#### EXERCISE REQUIREMENTS
Transcribe the material verbatim, starting at its first line and stopping once the line containing "Splendido costume charleston" has been given; no picture should appear.

#### DATA
-- -- --

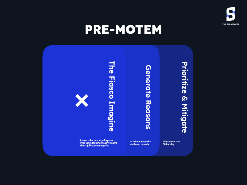 การทำ Pre-Mortem จึงไม่ใช่การมองโลกในแง่ร้าย แต่มันคือการสร้าง “ภูมิคุ้มกันทางกลยุทธ์” ผ่านกระบวนการที่เฉียบคมเพื่อหา Friction ที่ซ่อนอยู่ในนั้น โดยวิธีการก็คือ
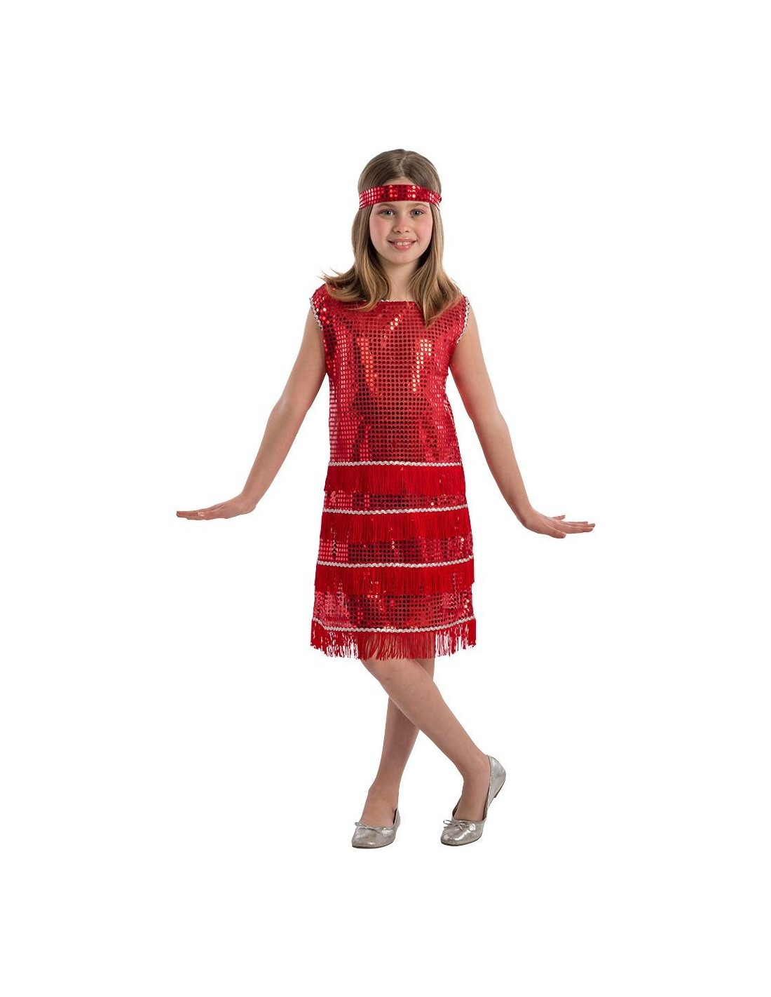 Splendido costume charleston rosso perfetto per far rivivere l'atmosfera degli anni '20 alle piccole star! Il vestito presenta decorazioni scintillanti con paillettes rosse che catturano la luce, completate da graziose frange che si muovono ad ogni passo di danza. Include una fascia per capelli coordinata con dettagli dorati che completa perfettamente il look vintage. Disponibile in taglia unica VI-VII, questo costume charleston trasforma ogni bambina in una piccola danzatrice dell'epoca del jazz.
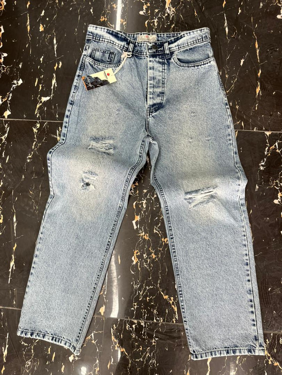 شلوار بگ مردانه پارچه پر سنگ شور شده شلوار جین بگ یخی زاپدار زانفیکس اورجینال
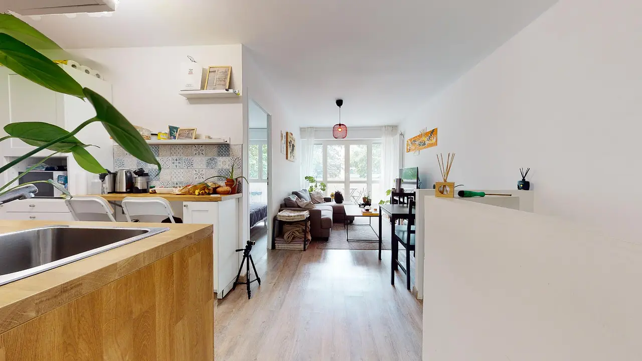 Trois balcons complètent cet appartement, un gain d'espace et de confort bienvenu. Il est loué avec un garage et une place de parking.

-- -- --

#### ANSWER SECTION
 การทำ Pre-Mortem จึงไม่ใช่การมองโลกในแง่ร้าย แต่มันคือการสร้าง “ภูมิคุ้มกันทางกลยุทธ์” ผ่านกระบวนการที่เฉียบคมเพื่อหา Friction ที่ซ่อนอยู่ในนั้น โดยวิธีการก็คือ
 Splendido costume charleston rosso perfetto per far rivivere l'atmosfera degli anni '20 alle piccole star! Il vestito presenta decorazioni scintillanti con paillettes rosse che catturano la luce, completate da graziose frange che si muovono ad ogni passo di danza. Include una fascia per capelli coordinata con dettagli dorati che completa perfettamente il look vintage. Disponibile in taglia unica VI-VII, questo costume charleston trasforma ogni bambina in una piccola danzatrice dell'epoca del jazz.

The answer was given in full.